Nineteen pizza makers from across the country trekked to Valley City, Ohio at the beginning of November to prove they are the best in the nation at the U.S. Pizza Team’s 2018 U.S. Pizza Cup Northeast Trials. Competing in a “traditional” category, all competitors were limited to two out of five traditional toppings, plus their blends of cheeses and spices. Toppings included pepperoni, sausage, peppers, mushrooms, and onions.
Taking first place was three-time U.S. Pizza Team (USPT) event competitor Lars Smith of State of Mind Public House and Pizzeria in Los Altos, Cal. Lars took first place with his pie featuring State of Mind’s slow proofed dough made with organic California flour, organic California tomato sauce, mozzarella, Point Reyes Toma, dry roasted king and tree oyster, chanterelle, shiitake, cremini and enoki mushrooms. This was complimented with pepperoni, black truffle, pecorino with truffle, and California extra virgin olive oil.

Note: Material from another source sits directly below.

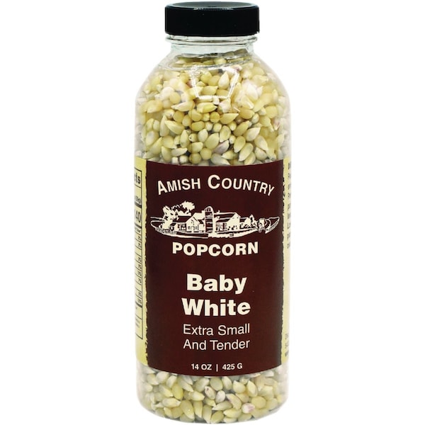 A top seller here at Amish Country Popcorn Baby White Popcorn is hulless crispy small and very white. Baby White is similar to Medium White Popcorn with smaller kernels.
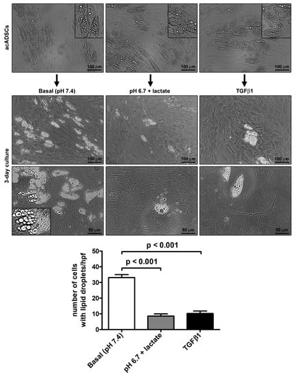 Representative phase-contrast photomicrographs of adipocyte-committed adipose-derived stem cells (acADSCs) cultured under basal conditions (pH 7.4), lactic acidosis (pH 6.7 + lactate), or in the presence of 10 ng/mL TGFβ1 for 3 days. Insets are higher magnification views of the respective panels, displaying prominent intracytoplasmic lipid droplets. Scale bar: 100 µm (upper and middle panels), 50 µm (lower panels). Bars represent the mean ± SEM of the number of cells with intracytoplasmic lipid droplets/high-power field (hpf). Values of p were determined by Tukey’s test.

“I got second place in San Diego at the West Coast Trials and I had such a great time with the team and competing with everybody that I had to make it to Ohio,” says Lars, “I really love cooking with all the USPT members, learning from them, getting real feedback from fellow pizza makers. But winning’s fun. I’m not mad about winning.”
Second place went to USPT veteran Dave Sommers of Mad Mushroom in West Lafayette, Ind. Dave presented the judges a Rosemary dough infused with herbs and spices, house-made fennel sausage and a variety of crimini, oyster, shiitake and baby bella mushrooms, lightly sauteed in a white truffle olive oil and covered with a mixture of gruyere, grand cru, fontina, and mozzarella. All finished with grated extra aged asiago and a “Robusto Gouda.” Third place went to USPT Competing Member Tore Trupiano of Dominic’s Italian Restaurant in Oceanside, California. Tore showed off his hand-milled pizza sauce with fresh tomatoes, infused with chopped basil and spices. A blend of whole milk mozzarella and smoked mozzarella was the canvas for housemade Italian fennel sausage and sauteed sweet onions, accented with olive oil.
“To be able to compete with this caliber of competitors and place is an honor,” Sommers says. “I’ll be heading across the pond to compete in London in a few days, so I am trying to figure out how to combine my last few competition pies into an international winner.”
Top prize for the Northeast Trials was a spot on the USPT as a premiere member and a trip to compete in the World Pizza Championships. Other competitors won trophies, signature pizza cutters from Clay’s Woodworking in Punxsutawney, Pennsylvania, and a copy of both “Marketing from the Trenches” by marketing guru and world traveler, Rudolf J. Waldner, and “Risotto and Beyond” by USPT member and culinary phenom John Coletta.
Other competitors in the 2018 U.S. Pizza Cup Northeast Trials were Joe Pinzone, Forno Wood-Fired Catering, Willoughby Hills, Ohio; Michael Athanasopoulos, The Lamb & The Wolf, Rocklin, California; Frank Baird, Franco’s, Mentor, Ohio; Jill Zinn, Jilliano’s Pizzeria, Amherst, Ohio; Kinsey Henderson, Mad Mushroom, Lexington, Kentucky; Dan Uccello; Flo’s Pizzeria, Grand Rapids, Michigan; Mike Russo, Russo Pizza, Medina, Ohio; George Taylor, Taylor’s Neighborhood Pizza & Sandwich Shoppe, Endwell, New York; Dab Satullo, Sauced Pizzeria, Fairview Park, Ohio; Sean Dempsey, Dempsey’s Brewery, Pub and Restaurant, Watertown, South Dakota; RC Gallegos, RC’s NYC Pizza & Pasta, The Woodlands, Texas; Daniel Saccone, Saccone’s Pizza, Austin, Texas; Kyle Rosch, Brenz Pizza Co., Chapel Hill, North Carolina; Patrick Maggi, Maggi’s Pizza, Damascus, Maryland; Anthony Scalia, Lil’ Paisans, Rootstown, Ohio; and Giovanni Labbate, Brick’s Wood Fired Pizza, Mount Prospect, Illinois.
Sponsors for the U.S. Pizza Cup Northeast Trials are Galbani Cheese, Ferrarelle, Molini Spigadoro, Burkett, Greco and Sons, Smithfield, Robo Specialita Alimentari, Bib’s BBQ Sauce, Via Pizzeria 1-2-3, Panino’s Pizza, Master Pizza the U.S. Pizza Team, PMQ Pizza Magazine and Pizza TV.